The choreography that ensued was peculiar and revealing. Within hours, the World Liberty Financial account on X released a statement referring to the event as a “coordinated attack,” stating that hackers had opened “massive WLFI shorts” to profit from the chaos, paid influencers to spread FUD, and gained access to unidentified co-founder accounts. By the following morning, the stablecoin had recovered and was back within its historical range at $0.9994. According to the post, the engineering team had performed precisely as planned. The smart contracts remained unaltered. Every reserve is intact.
| Detail | Information |
|---|---|
| Company | World Liberty Financial |
| Flagship Stablecoin | USD1 |
| Governance Token | WLFI |
| Founded | 2024 |
| Co-Founders | Donald Trump, Eric Trump, Donald Jr., Barron Trump, Steven Witkoff, Zach Witkoff, Alex Witkoff, Zak Folkman, Chase Herro |
| USD1 Market Cap | ~$4.7 billion |
| Stablecoin Ranking | 5th largest by market cap |
| Reserve Backing | U.S. dollars and cash-equivalent securities |
| Attack Date | February 23, 2026 |
| USD1 Low During Attack | $0.994 |
| Recovery Price | $0.9994 |
| Post-Attack Outflows | $270+ million |
| WLFI Token Drop | >8% |
| Nature of Attack | Compromised co-founder social accounts, coordinated shorts, FUD campaigns |
| Smart Contract Status | Reportedly unaffected |
| UAE Deal | ~49% sold to UAE royal-linked entity |
| UAE Investment via Binance | $2 billion transaction using USD1 |
| Major Related Event | World Liberty Forum at Mar-a-Lago |
| Governance Structure | Private, Trump family-controlled |
| Recent Concerning Move | Borrowing against its own token (April 2026) |
Nothing came from the White House after that. The press secretary did not make a statement. There was no response from any organization with minimal control over digital assets. The Treasury Department remained silent. The SEC remained silent under leadership that has been noticeably pro-crypto. Because USD1 isn’t just any stablecoin, the silence told the story just as much as the actual attack. A sitting U.S. president and three of his sons co-founded the company that produces this flagship product.

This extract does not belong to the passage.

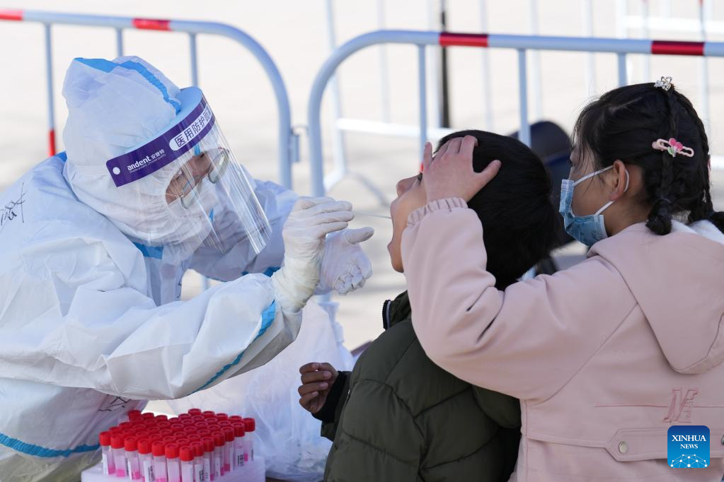 A medical worker collects nucleic acid sample from a kid at a testing site in Dongcheng District, Beijing, capital of China, March 21, 2022. (Xinhua/Ju Huanzong)

That’s the aspect of this that continues to unnerve onlookers. The Trump family is not merely endorsing World Liberty Financial. Donald Trump, Eric Trump, Donald Jr., Barron Trump, U.S. Special Envoy to the Middle East Steven Witkoff, his two sons, and Trump allies Zak Folkman and Chase Herro are among the nine listed co-founders. Herro once referred to himself as “the dirtbag of the internet” and made jokes about selling pretty much anything “if the story’s right” in a now-deleted YouTube video.For months, cryptocurrency skeptics have been sharing that video. The list of co-founders is not a passive cap table. It has direct authority and is an operational group.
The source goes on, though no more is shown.